[Your instructions] Your answer must be only the lines below from the one containing "Si hacemos clic" through the one containing "businessman running on", copied exactly, with the pictures left out.

[Supplied entries]
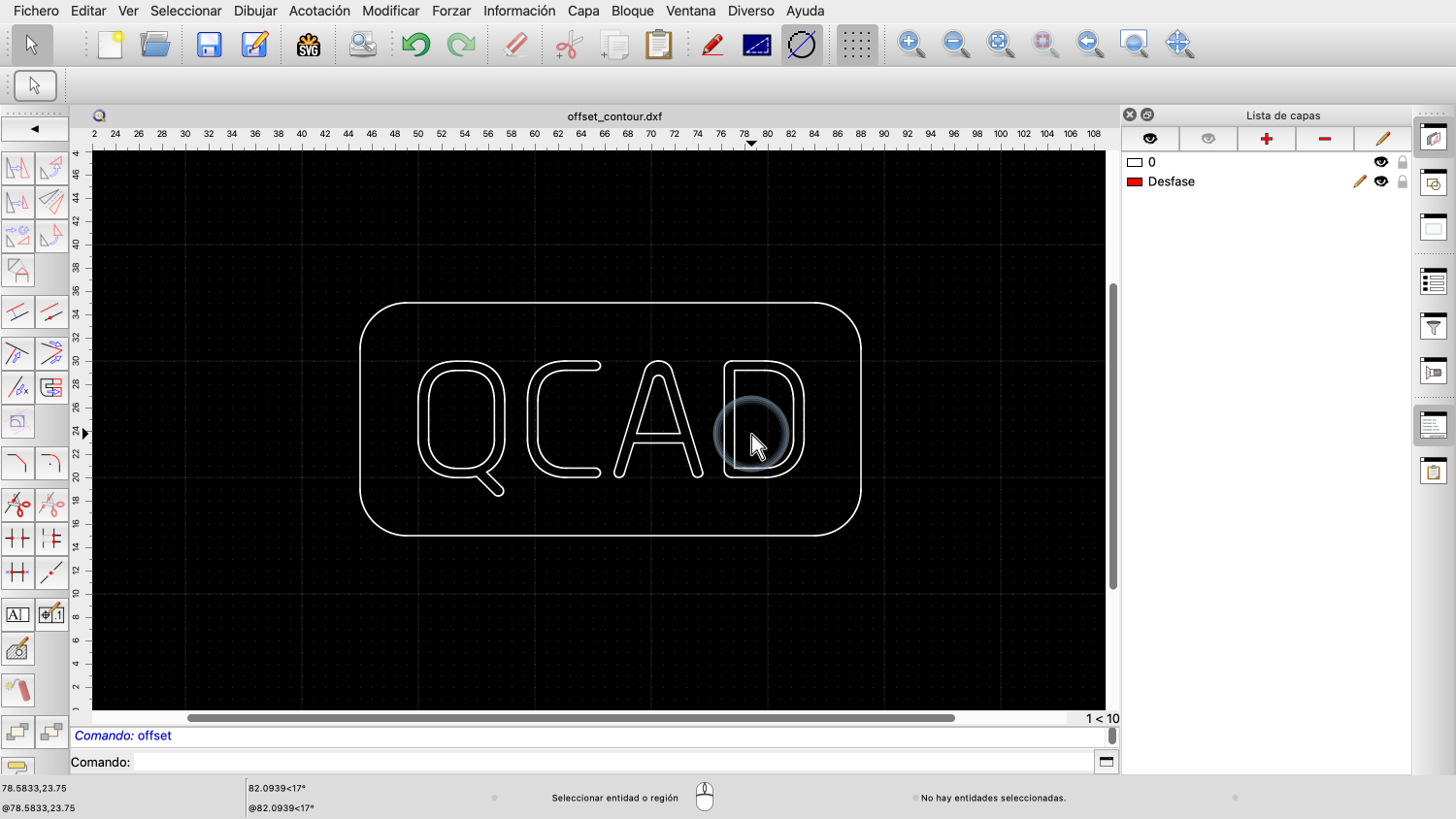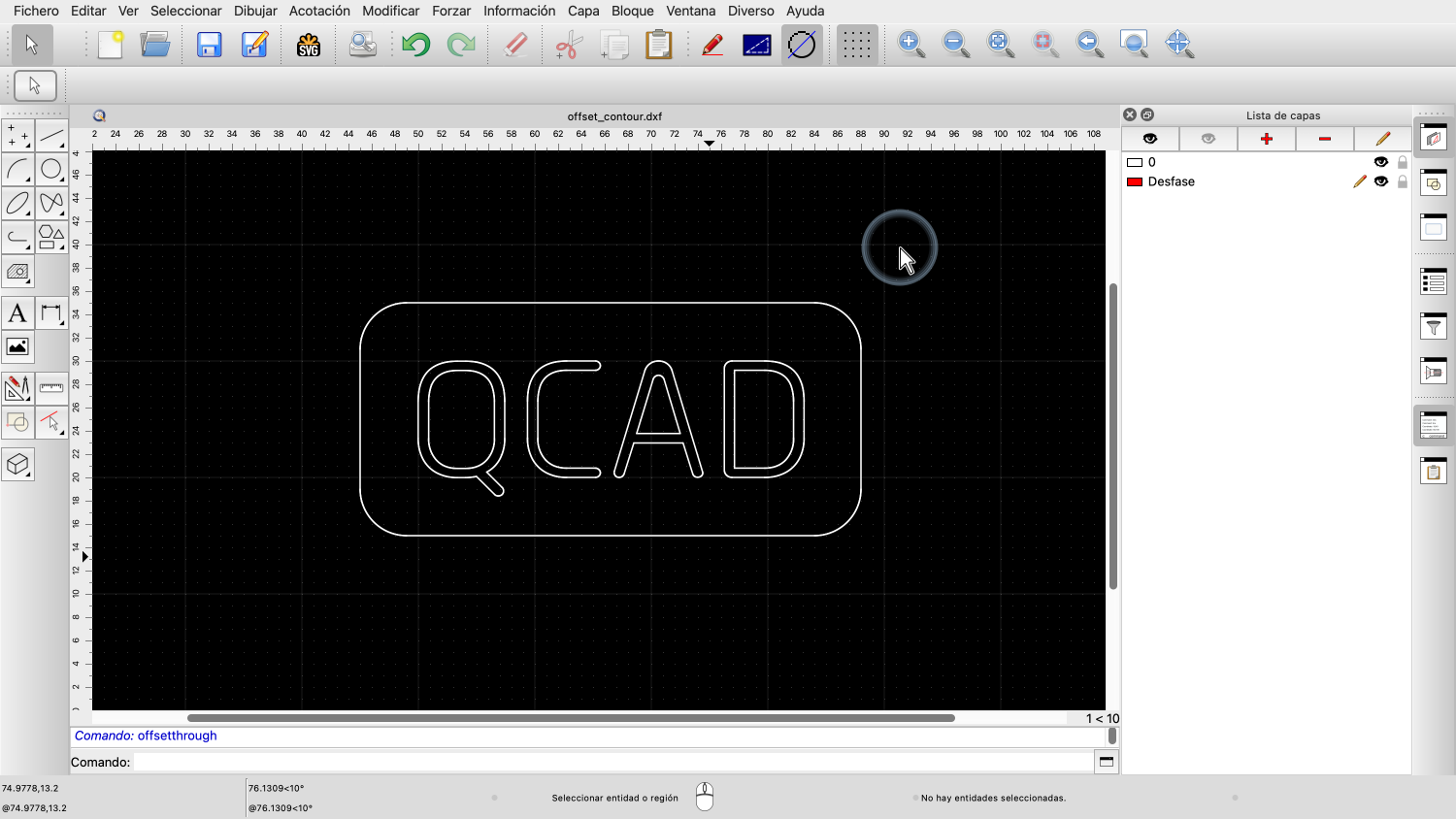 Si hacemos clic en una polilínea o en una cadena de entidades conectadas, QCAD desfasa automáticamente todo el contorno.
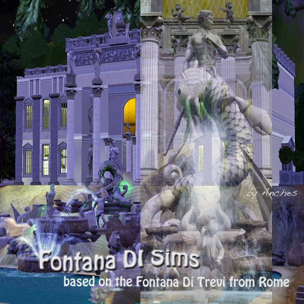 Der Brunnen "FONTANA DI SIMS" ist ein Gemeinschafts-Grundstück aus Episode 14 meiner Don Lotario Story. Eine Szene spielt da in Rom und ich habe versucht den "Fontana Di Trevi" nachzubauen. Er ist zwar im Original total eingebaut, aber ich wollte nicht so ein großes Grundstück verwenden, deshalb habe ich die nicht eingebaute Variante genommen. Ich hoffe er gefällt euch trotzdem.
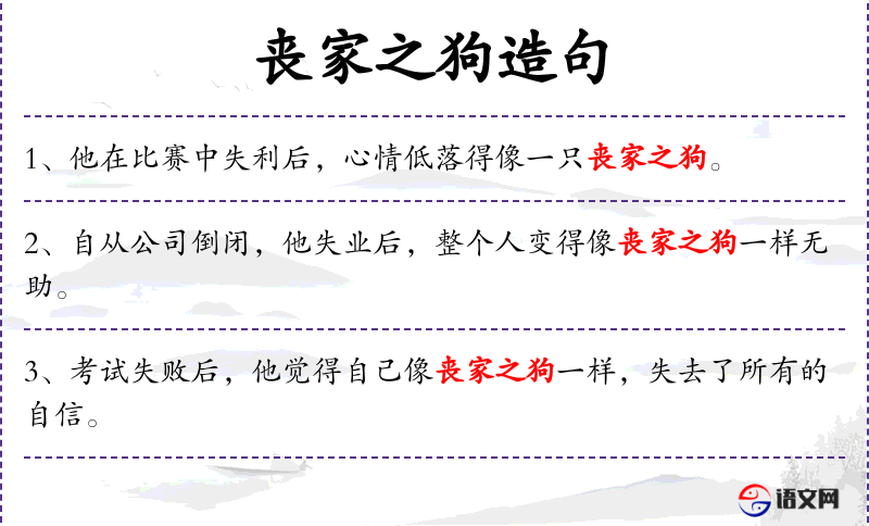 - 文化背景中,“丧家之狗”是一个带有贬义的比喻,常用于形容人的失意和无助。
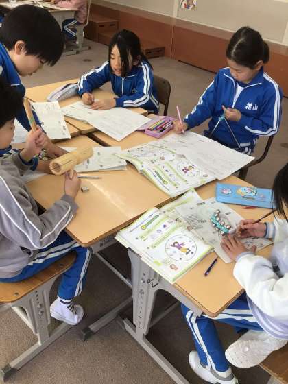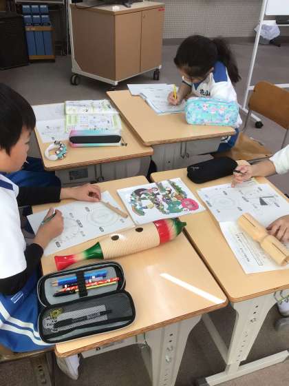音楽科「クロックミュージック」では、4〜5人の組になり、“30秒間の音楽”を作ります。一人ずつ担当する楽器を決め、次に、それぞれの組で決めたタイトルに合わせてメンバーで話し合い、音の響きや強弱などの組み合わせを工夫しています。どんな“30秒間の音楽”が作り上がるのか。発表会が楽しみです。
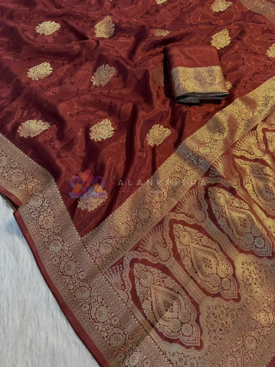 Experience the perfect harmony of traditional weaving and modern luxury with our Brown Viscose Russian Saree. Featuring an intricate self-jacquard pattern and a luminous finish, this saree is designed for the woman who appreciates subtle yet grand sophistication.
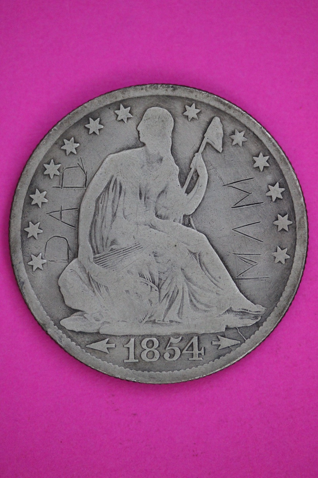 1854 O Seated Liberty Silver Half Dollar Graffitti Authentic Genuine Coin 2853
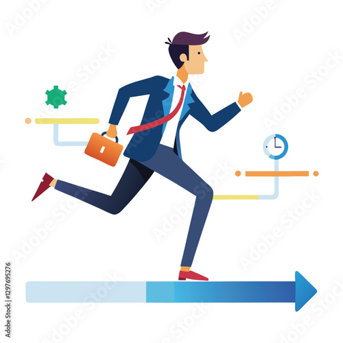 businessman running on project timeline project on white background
...
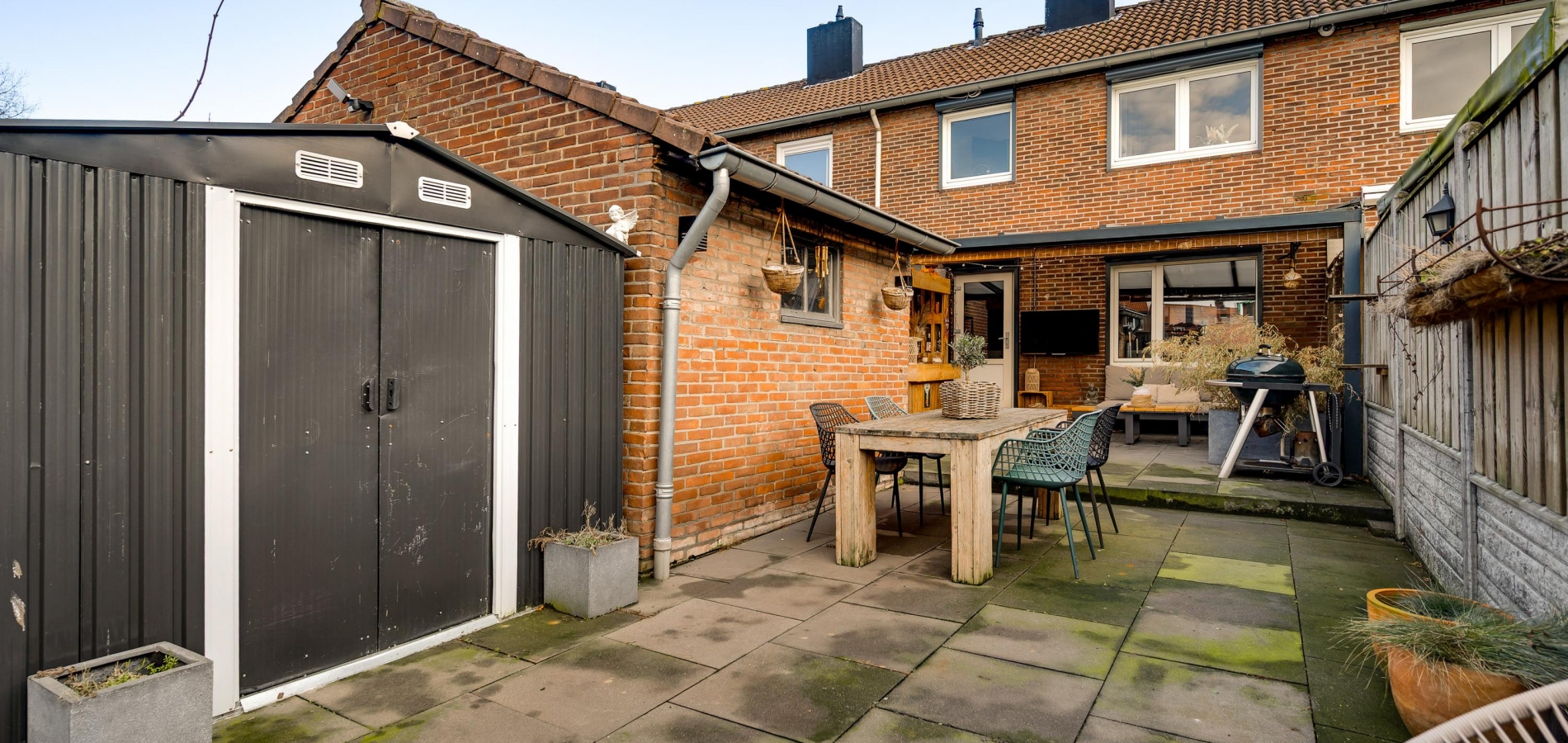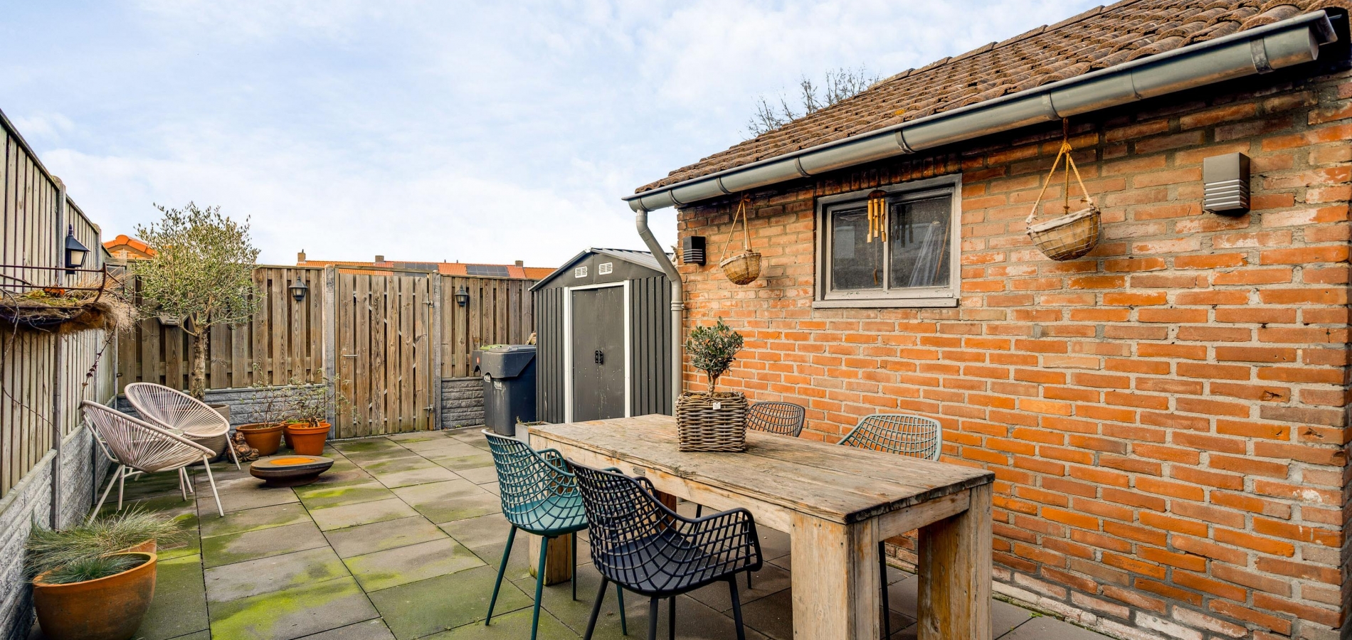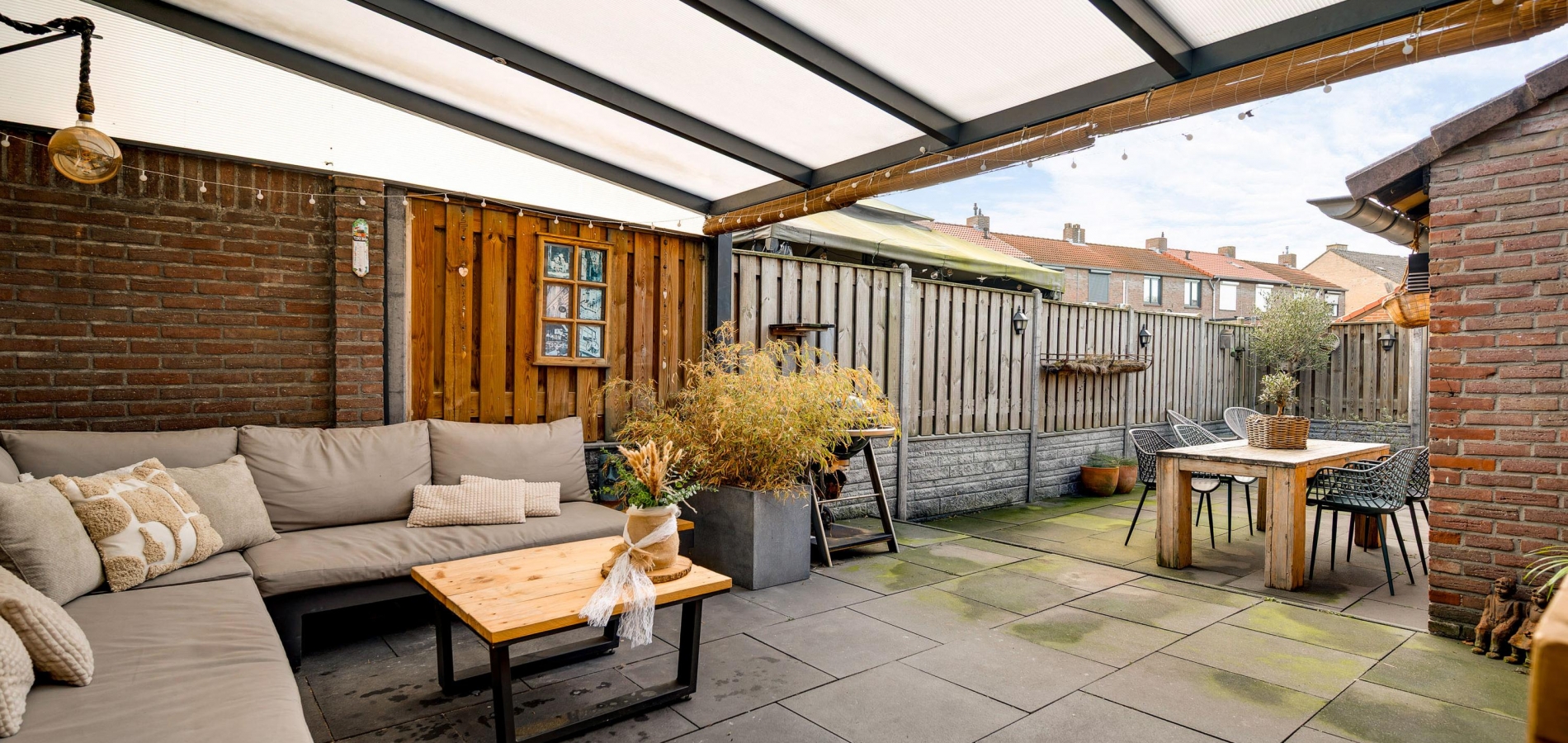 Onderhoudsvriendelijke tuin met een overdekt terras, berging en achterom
---
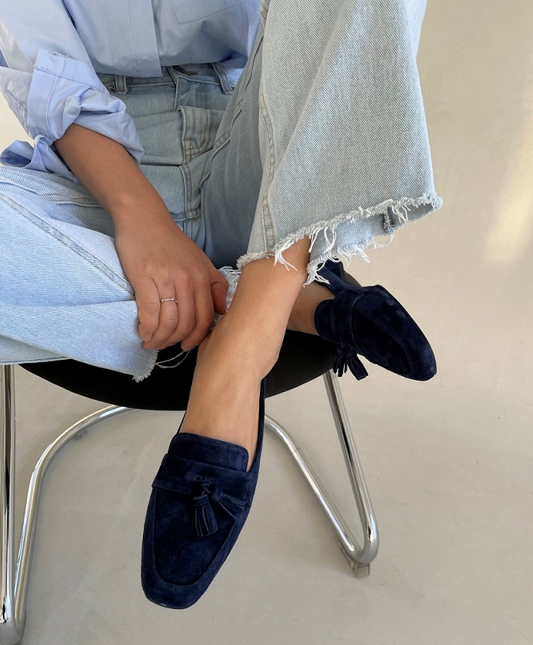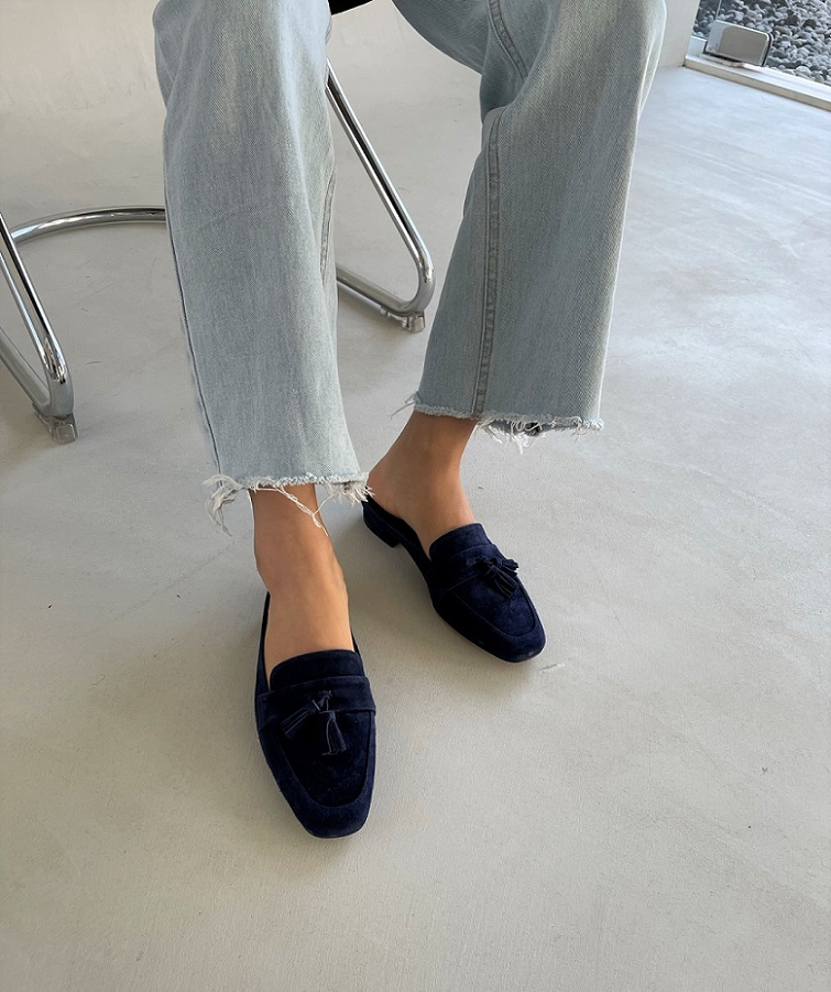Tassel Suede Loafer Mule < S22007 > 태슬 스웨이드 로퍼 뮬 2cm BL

[Task response]
 Si hacemos clic en una polilínea o en una cadena de entidades conectadas, QCAD desfasa automáticamente todo el contorno.
 Der Brunnen "FONTANA DI SIMS" ist ein Gemeinschafts-Grundstück aus Episode 14 meiner Don Lotario Story. Eine Szene spielt da in Rom und ich habe versucht den "Fontana Di Trevi" nachzubauen. Er ist zwar im Original total eingebaut, aber ich wollte nicht so ein großes Grundstück verwenden, deshalb habe ich die nicht eingebaute Variante genommen. Ich hoffe er gefällt euch trotzdem.
 - 文化背景中,“丧家之狗”是一个带有贬义的比喻,常用于形容人的失意和无助。
音楽科「クロックミュージック」では、4〜5人の組になり、“30秒間の音楽”を作ります。一人ずつ担当する楽器を決め、次に、それぞれの組で決めたタイトルに合わせてメンバーで話し合い、音の響きや強弱などの組み合わせを工夫しています。どんな“30秒間の音楽”が作り上がるのか。発表会が楽しみです。
 Experience the perfect harmony of traditional weaving and modern luxury with our Brown Viscose Russian Saree. Featuring an intricate self-jacquard pattern and a luminous finish, this saree is designed for the woman who appreciates subtle yet grand sophistication.
 1854 O Seated Liberty Silver Half Dollar Graffitti Authentic Genuine Coin 2853
 businessman running on project timeline project on white background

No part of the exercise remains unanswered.